Bayes Rule answer verification

Question

A screening test has a 90% chance of registering breast cancer if it
exists, as well as a 20% chance of falsely registering cancer when it
does not exist. About one in one hundred women requesting the
screening test end up diagnosed with breast cancer. Ms. X has just been
told that her screening test was positive. What is the probability that 
she has breast cancer?

What is the probability that Ms. X has breast cancer?
– A. About 1%.
– B. About 90%.
– C. About 85%.
– D. About 80%.
– E. About 4%.

P(BC) = .9 --> has breast cancer

P(BC') = .1 --> doesn't have breast cancer

P(FC) = .8 --> falsely registering breast cancer

p(FC') = .2 --> not falsely registering cancer)

My answer (below) is dead wrong, I would like to know what I did wrong. Thanks for taking the time to read.

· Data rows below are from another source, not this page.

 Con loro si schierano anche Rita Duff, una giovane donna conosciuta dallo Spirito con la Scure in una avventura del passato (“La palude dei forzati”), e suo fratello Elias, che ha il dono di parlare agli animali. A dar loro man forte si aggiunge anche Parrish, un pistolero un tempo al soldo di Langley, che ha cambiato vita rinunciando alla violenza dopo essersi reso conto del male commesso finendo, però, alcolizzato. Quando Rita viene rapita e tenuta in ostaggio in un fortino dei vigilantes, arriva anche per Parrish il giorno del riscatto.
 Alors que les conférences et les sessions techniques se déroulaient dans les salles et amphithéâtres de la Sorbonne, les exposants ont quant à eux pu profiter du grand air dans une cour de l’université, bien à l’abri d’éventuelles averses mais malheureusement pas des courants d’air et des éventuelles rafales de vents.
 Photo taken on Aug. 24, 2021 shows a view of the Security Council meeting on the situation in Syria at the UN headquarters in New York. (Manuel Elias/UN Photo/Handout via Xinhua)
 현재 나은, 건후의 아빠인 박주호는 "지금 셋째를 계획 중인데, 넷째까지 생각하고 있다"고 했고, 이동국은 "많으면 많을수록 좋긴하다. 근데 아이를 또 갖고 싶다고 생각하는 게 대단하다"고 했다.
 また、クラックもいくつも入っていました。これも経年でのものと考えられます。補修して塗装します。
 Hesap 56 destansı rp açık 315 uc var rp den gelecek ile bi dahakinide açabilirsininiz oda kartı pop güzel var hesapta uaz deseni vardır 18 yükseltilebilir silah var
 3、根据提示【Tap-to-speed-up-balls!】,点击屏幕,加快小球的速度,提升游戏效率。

(.9)(.8)/(.9)(.1) + (.8)(.2) = 2.88

Answer 1

She was tested and registered positive.   What is the probability that she has it given that the test is positive?

Bayes' Rule and the Law of Total Probability say:

$$\mathsf P(\operatorname{Has}\mid \operatorname{Positive})~{=\dfrac{\mathsf P(\operatorname{Has})~\mathsf P(\operatorname{Positive}\mid \operatorname{Has})}{\mathsf P(\operatorname{Has})~\mathsf P(\operatorname{Positive}\mid \operatorname{Has})+\mathsf P(\operatorname{HasNot})~\mathsf P(\operatorname{Positive}\mid \operatorname{HasNot})} \\ =\dfrac{(0.01)(0.90)}{(0.01)(0.90)+(0.99)(0.20)}}$$

You had the right form: you used the wrong data.   That one in one hundred have it means that ninety nine in one hundred do not have it.   $90\%$ of the former test positive; and $20\%$ of the later do too.